→ **DATASET EXTRACT**
■ ■ ■ ■

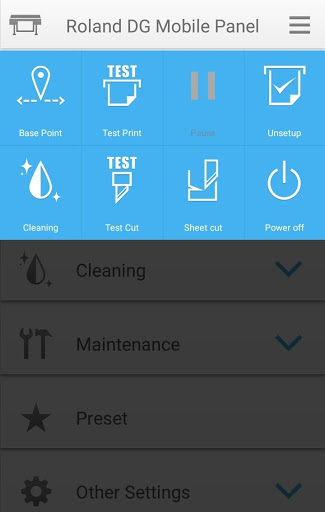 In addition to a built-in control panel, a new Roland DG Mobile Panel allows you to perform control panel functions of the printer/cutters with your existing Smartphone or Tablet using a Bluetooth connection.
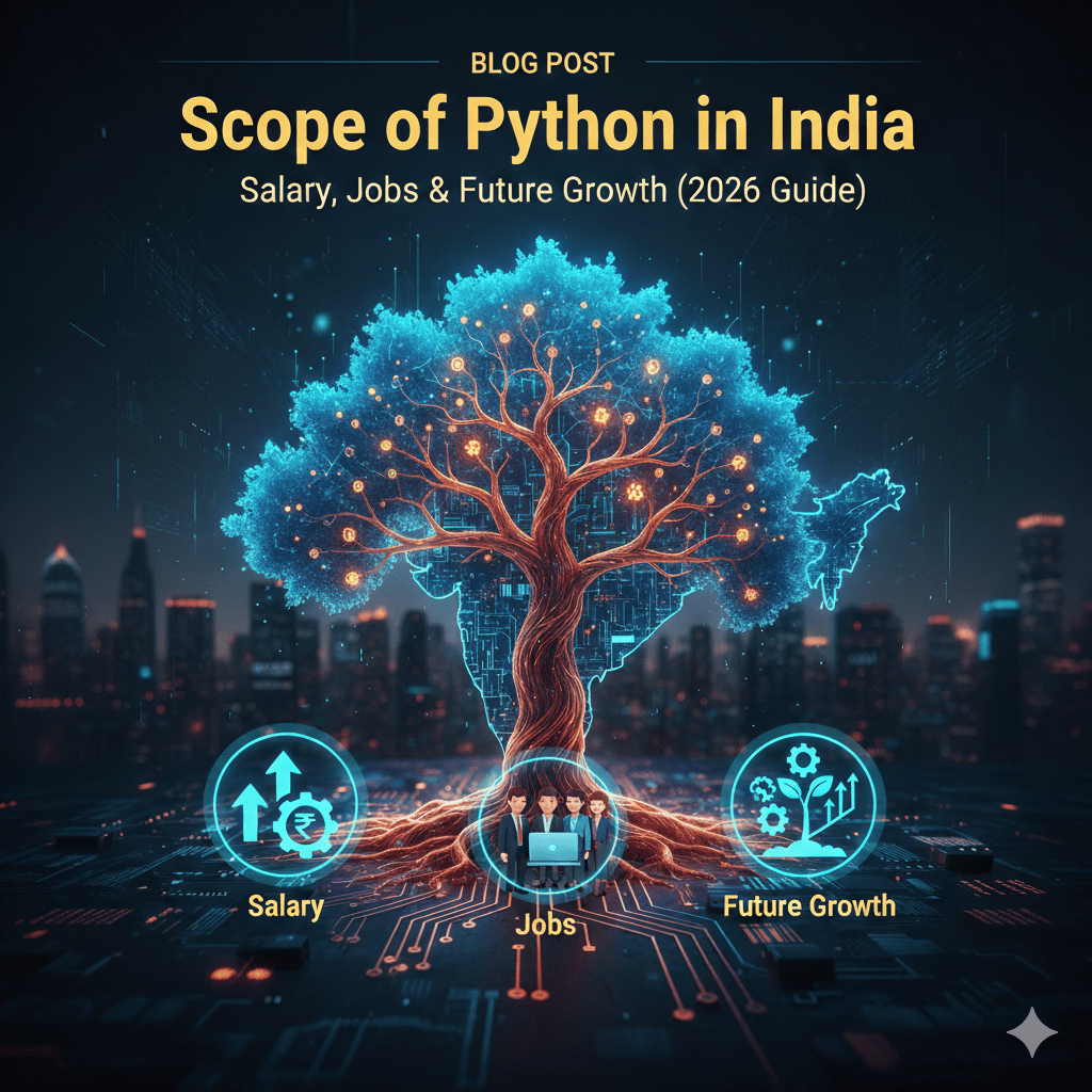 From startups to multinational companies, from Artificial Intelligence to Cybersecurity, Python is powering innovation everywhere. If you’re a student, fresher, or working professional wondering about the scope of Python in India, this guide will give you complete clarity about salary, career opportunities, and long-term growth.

■ ■ ■ ■

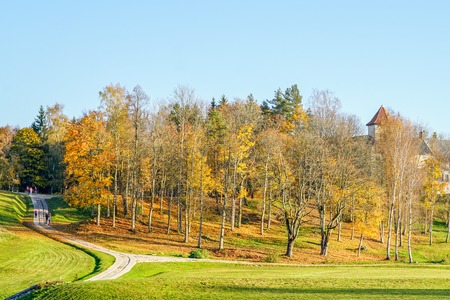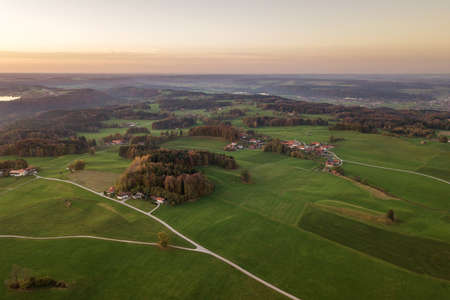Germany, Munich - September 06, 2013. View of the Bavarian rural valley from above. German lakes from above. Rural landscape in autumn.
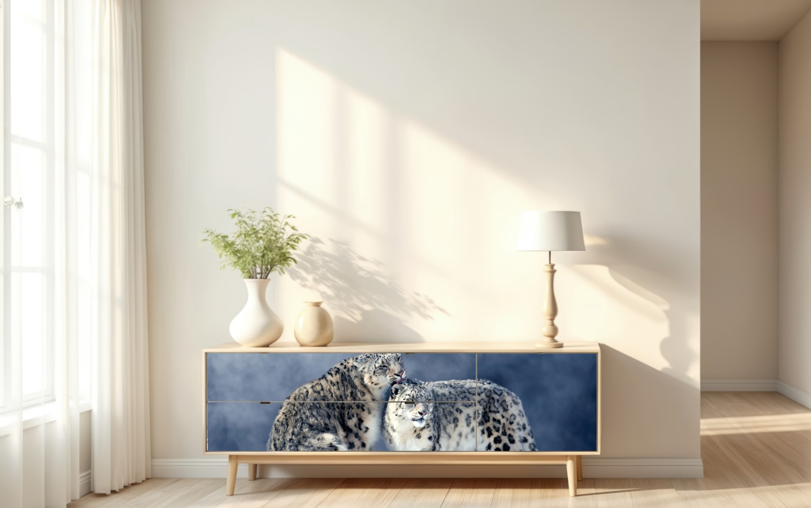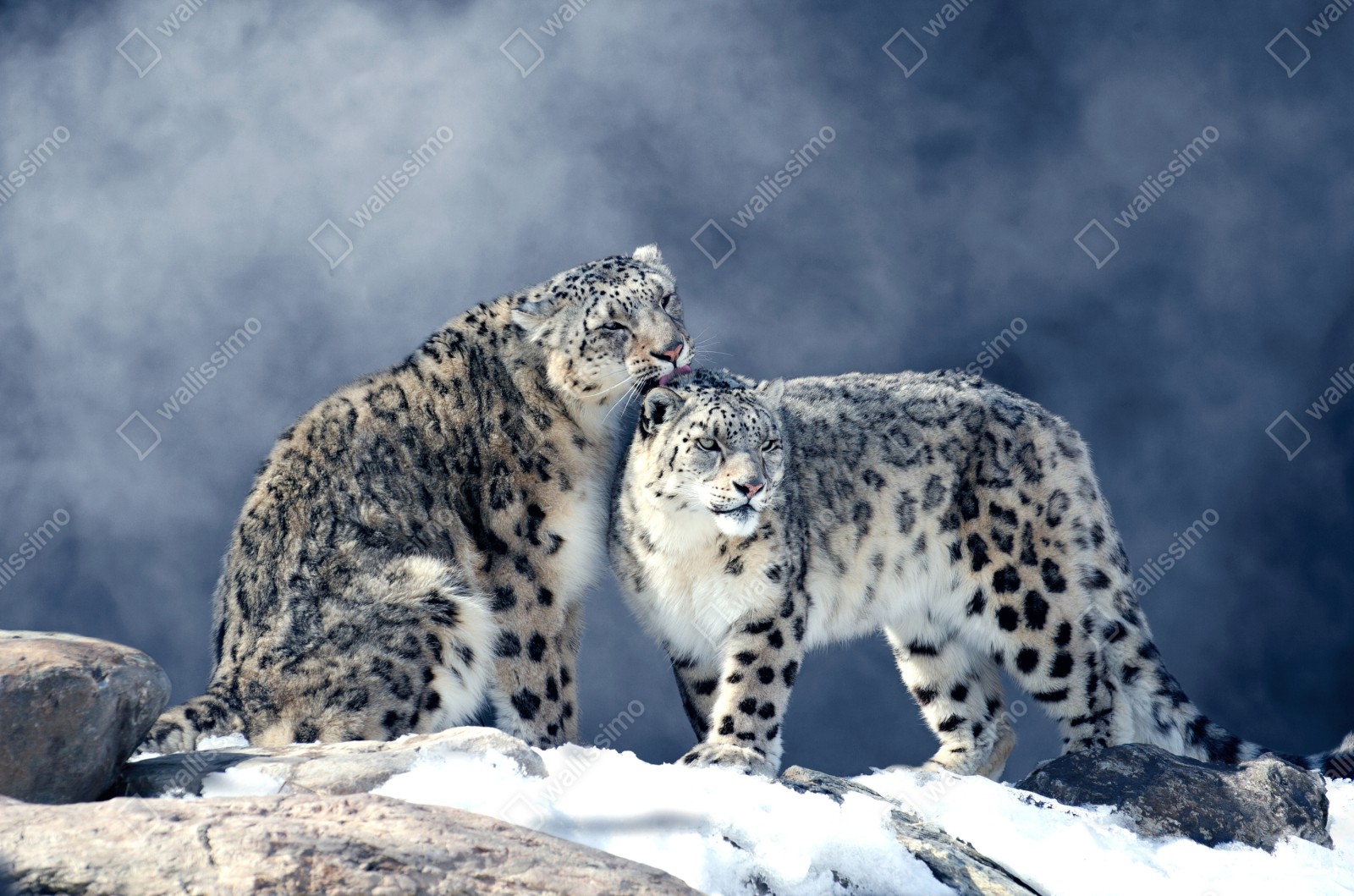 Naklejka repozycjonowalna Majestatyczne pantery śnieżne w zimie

■ ■ ■ ■

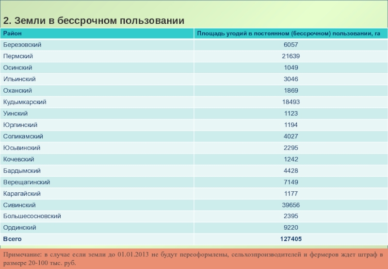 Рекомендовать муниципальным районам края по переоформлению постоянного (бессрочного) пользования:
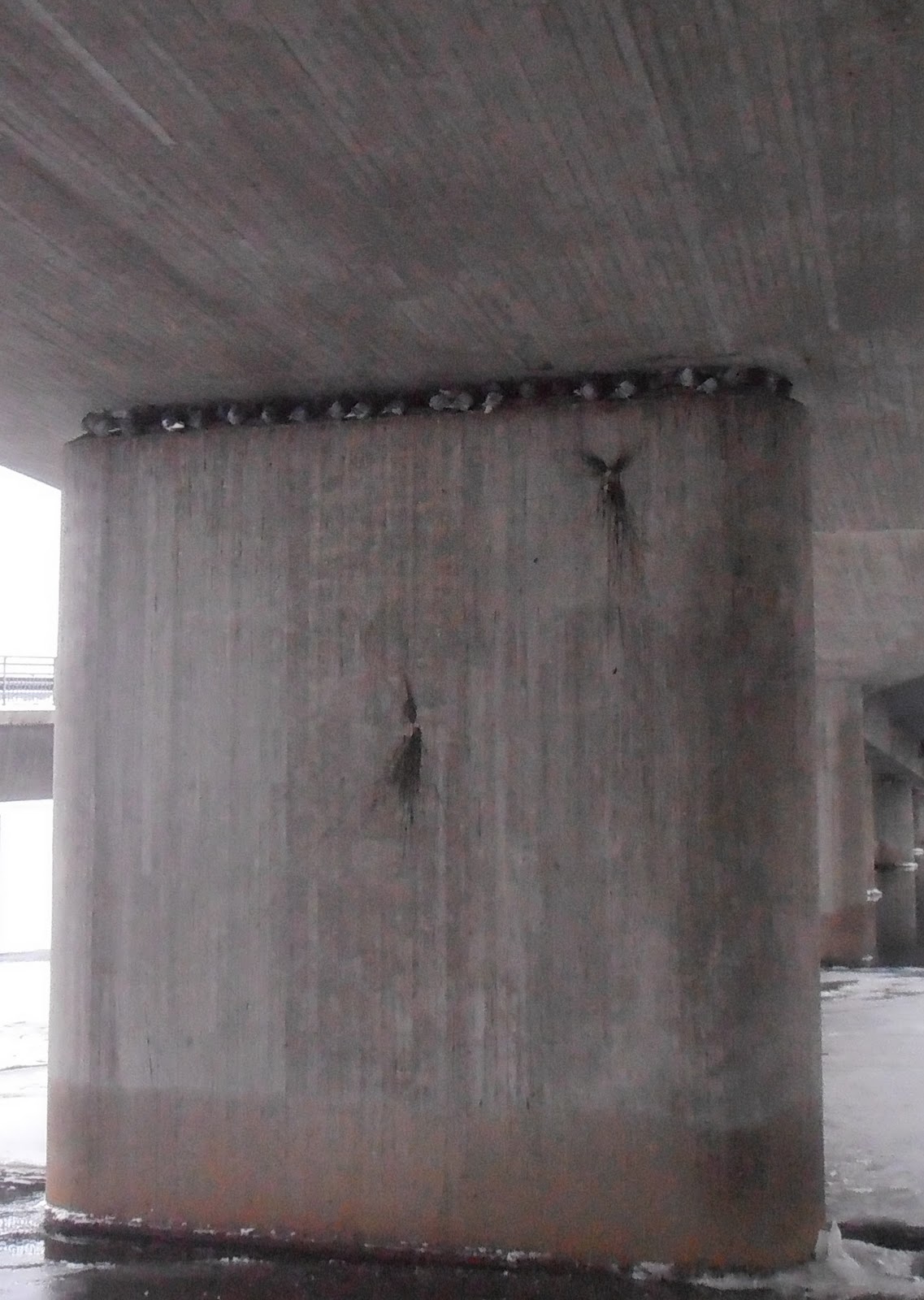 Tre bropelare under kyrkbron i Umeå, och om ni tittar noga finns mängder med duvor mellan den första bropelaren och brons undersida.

■ ■ ■ ■

→ **ABOUT THIS TASK**
Set down again, word for word, every line from the one with "In addition to" to the one with "From startups to" in the entries above, and omit the pictures.

→ **TASK RESPONSE**
 In addition to a built-in control panel, a new Roland DG Mobile Panel allows you to perform control panel functions of the printer/cutters with your existing Smartphone or Tablet using a Bluetooth connection.
 From startups to multinational companies, from Artificial Intelligence to Cybersecurity, Python is powering innovation everywhere. If you’re a student, fresher, or working professional wondering about the scope of Python in India, this guide will give you complete clarity about salary, career opportunities, and long-term growth.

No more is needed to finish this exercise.